The shell passes the file name in bytes to the script The bytes are decoded by Python as expected before hitting your code. Because this is a lossy good process, Python3 USES a special error handler to handle decoding errors. Python code deals with a file that is error-free and needs to format an error message. Because when we write the text stream, if it's not illegal unicode, we don't write the substitution. Encode the unicode string containing the substitution as utf-8 and tell it to handle the substitution escape. Then we decode from utf-8 and tell him to ignore the error The resulting string returns to the text-only stream Then the terminal will decode our string to display it

Here's what Python2 looks like:

The shell passes the file name as a byte to the script The shell decodes strings for display

Because the string handling in Python2 is only corrected when something goes wrong, because the shell does a better job of displaying the file name.

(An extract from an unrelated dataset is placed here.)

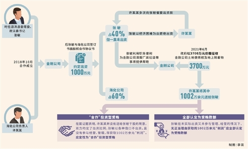 其中,2018年10月,时任泗洪县委常委、政法委书记的张敏与海化公司负责人许某某合作成立金刚公司,专门用于购买泗洪某破产企业天然缘公司资产。2018年11月,金刚公司拍得天然缘公司资产,款项均由海化公司支付。2019年3月,张敏与海化公司签订书面股权合作协议书,约定出资1000万元,张敏占40%,海化公司占60%,但张敏一直未出资。其间,许某某多次向张敏催要出资款,张敏均以经济困难为由拒绝。后张敏利用职务便利为金刚公司清理厂房垃圾、海化公司办理贷款等事项提供帮助。2021年6月,政府以3700万元价格征收金刚公司土地使用权及地上附着物,许某某将其中1002万余元送给张敏。

Note that this does not make the script any worse. If you need to do actual string manipulation on the input data, you switch to unicode manipulation in 2.x and 3.x. But in that case, you also want your script to support a -- charset parameter, so it does about as much work on 2.x as it does on 3.x. It's just much worse on 3.x, you need to build the binary standard output on 2.x that you don't need.

But you're wrong

I was obviously wrong. I was told this:

I suffer because I don't think like a beginner, and the new unicode system will be more beginner friendly I don't think about how much Windows users and the new text model will improve Windows users The problem is not Python, the problem is the POSIX specification Linux distributions need to start supporting c.u.tf-8 because they have been blocked in the past The problem is that SSH is sending the wrong encoding. SSH needs to fix this. The real problem with the large number of unicode errors in Python3 is that people assume that Python3 made the right decision without passing an explicit code. I work with broken code, which is obviously harder in Python3. I should be working on Python3 instead of complaining on twitter and blogs You create problems where there are no problems. It's good to have everyone fix their environment and code anything. This is a user problem. Java has had this problem for years, which is fine with developers.

You know what? I stopped complaining when I was working on HTTP because I accepted the idea that a bunch of problems with HTTP/WSGI were common to people. But what do you know? The same problem applies in situations like Hello World. Maybe I should give up on getting a library with high quality unicode support and leave it at that.

I can argue against that, but in the end it doesn't matter. If Python3 were the only Python language I used, I would solve all my problems and develop with it. There's another perfect language called Python2, which has a much larger user base, and the user base is pretty solid. I was very depressed.

Python3 may be powerful enough to start UNIX going the way of Windows: unicode is used in many places, but I doubt it.

The more likely thing is that people are still using Python2 and doing something really bad with Python3. Or they use Go. The language USES a model very similar to Python2: everything is a byte string. And assume that the encoding is utf-8. That's all.